* _Material supplied_
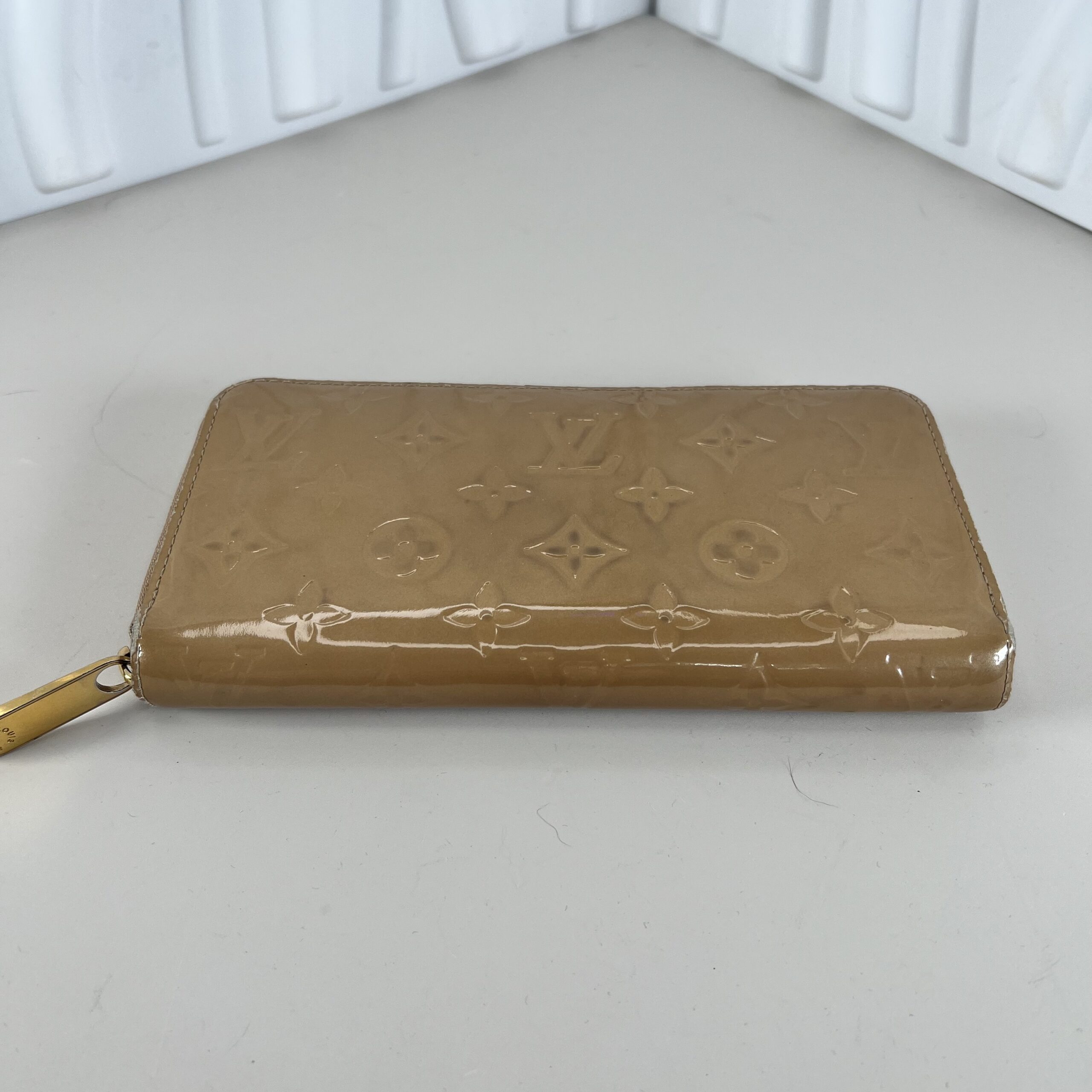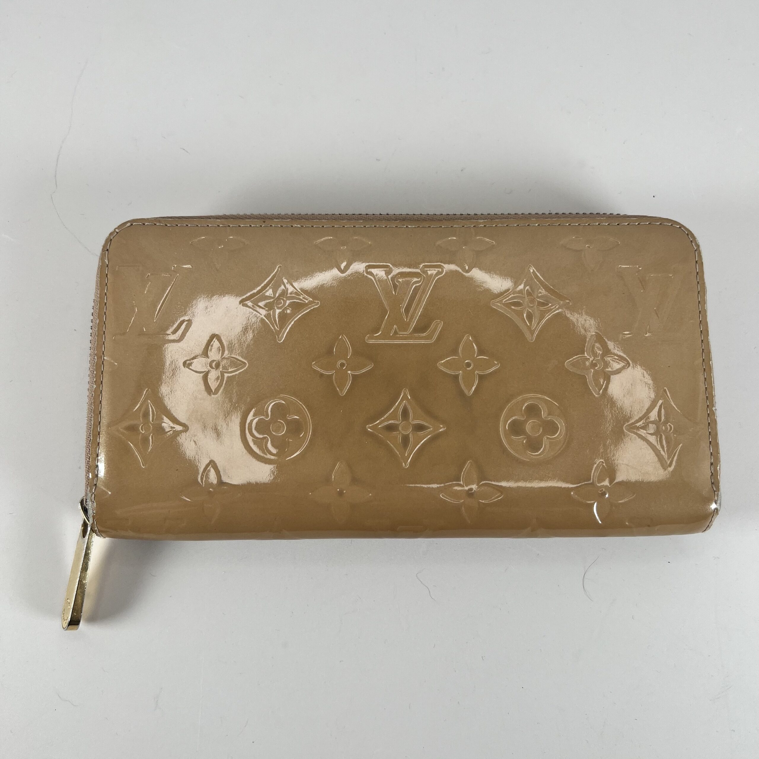 Authentic Louis Vuitton Monogram Vernis Zippy Wallet in Beige / Nude
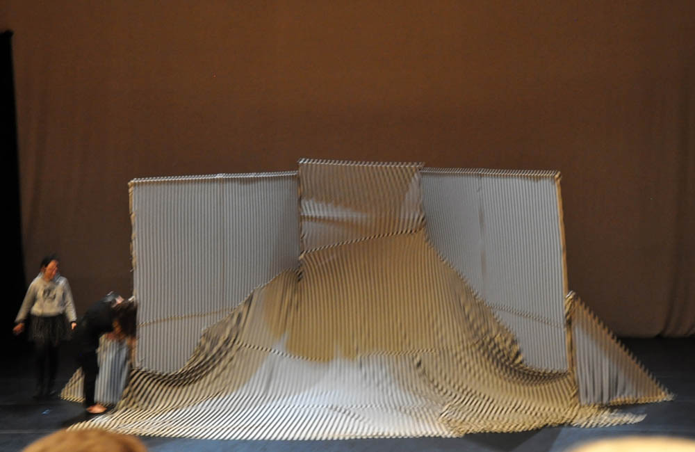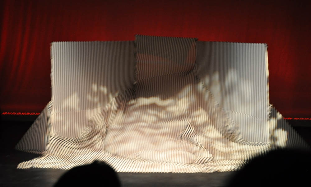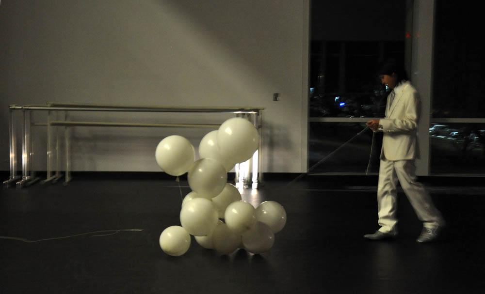 Consider types of spaces and what is performed in them, found spaces, a domestic space like the kitchen table, a bed room, a garden, a public spaces, a library or a coffee shop, a funeral parlor, a temple, a church a book shop, a grocery store, the street. The creation of the space can be done with clothing/costume, projection, steam, mirrors etc.
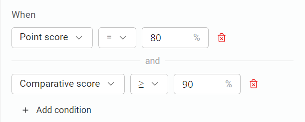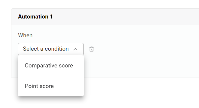 Once you select the score type you want to automate on, you’ll then select a conditional operator ( =, ≤, or , ≥`) and set the score threshold for when the rule will trigger.
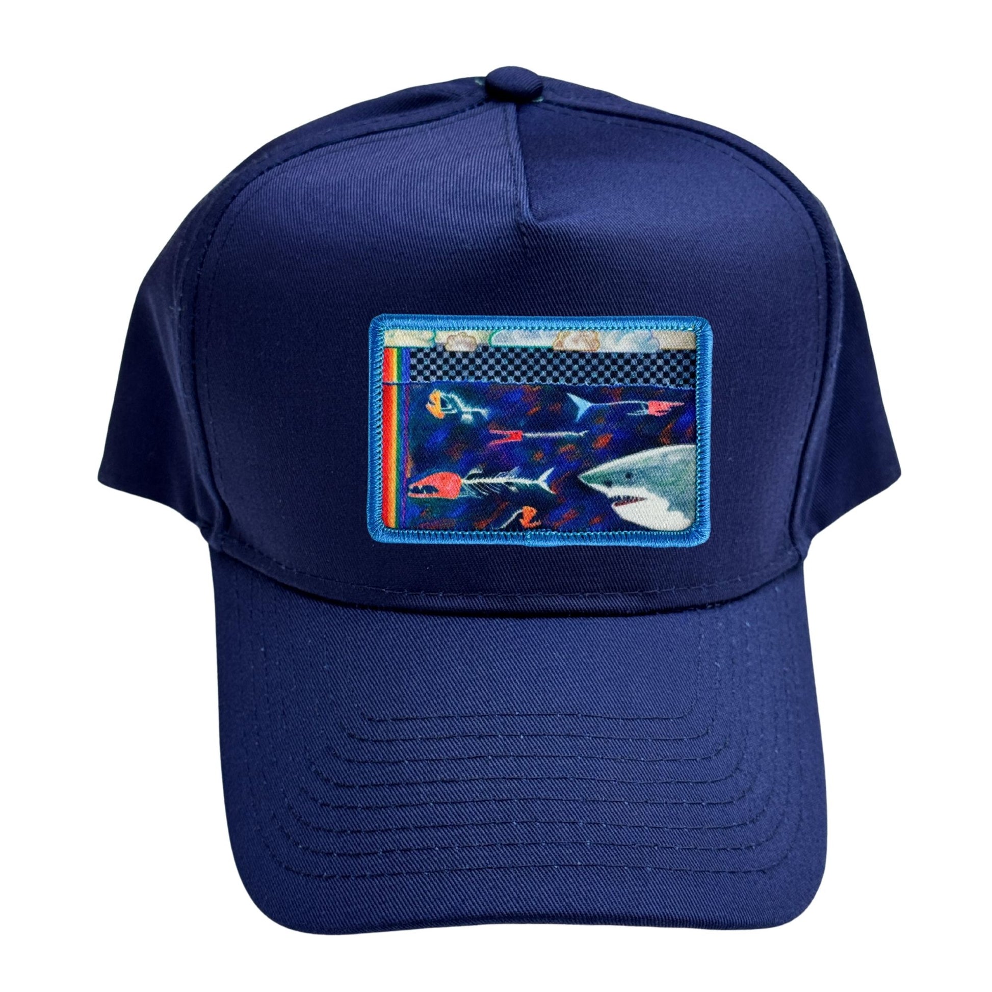 Elevate your golf game or everyday style with this classic 5-panel twill golf cap featuring your choice of exclusive "Sharks and Checkered Skies" art patches. Each 3" x 2" patch showcases the vibrant, bold artwork from our signature series on a premium structured front panel.
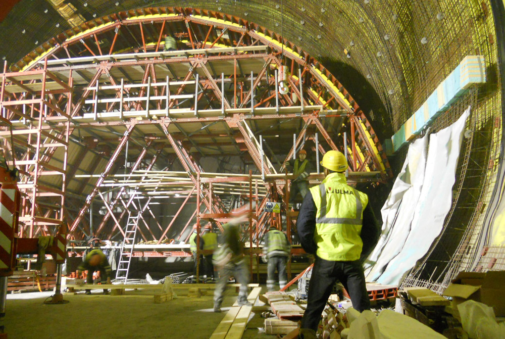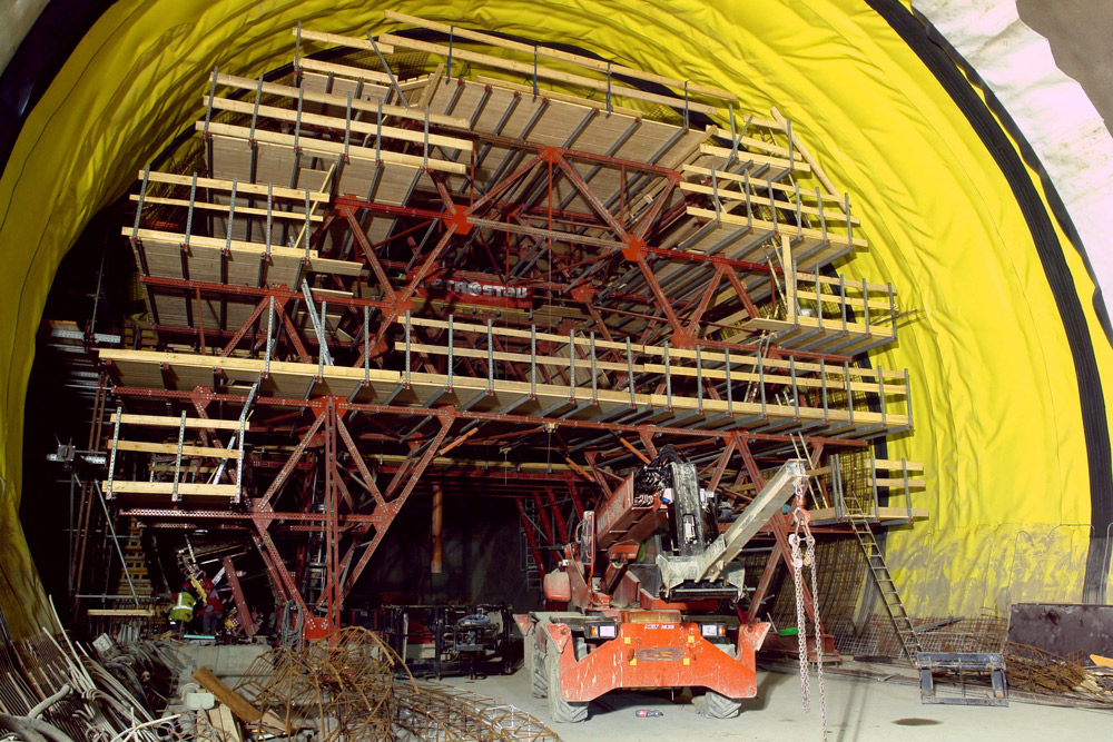 Per la galleria STT, quella con maggiore densità di traffico, sono stati utilizzati carri per cordolo per la realizzazione delle pareti dei condotti di ventilazione sotto il pavimento. L'uso di unità di casseforme preassemblate ha reso ancor più semplice la loro movimentazione. ENKOFLEX è stato il sistema utilizzato per i solai.

* _Aim of the task_
When you retype the material above, keep every word exact and drop the images.

* _Response box_
 Authentic Louis Vuitton Monogram Vernis Zippy Wallet in Beige / Nude
 Consider types of spaces and what is performed in them, found spaces, a domestic space like the kitchen table, a bed room, a garden, a public spaces, a library or a coffee shop, a funeral parlor, a temple, a church a book shop, a grocery store, the street. The creation of the space can be done with clothing/costume, projection, steam, mirrors etc.
 Once you select the score type you want to automate on, you’ll then select a conditional operator ( =, ≤, or , ≥`) and set the score threshold for when the rule will trigger.
 Elevate your golf game or everyday style with this classic 5-panel twill golf cap featuring your choice of exclusive "Sharks and Checkered Skies" art patches. Each 3" x 2" patch showcases the vibrant, bold artwork from our signature series on a premium structured front panel.
 Per la galleria STT, quella con maggiore densità di traffico, sono stati utilizzati carri per cordolo per la realizzazione delle pareti dei condotti di ventilazione sotto il pavimento. L'uso di unità di casseforme preassemblate ha reso ancor più semplice la loro movimentazione. ENKOFLEX è stato il sistema utilizzato per i solai.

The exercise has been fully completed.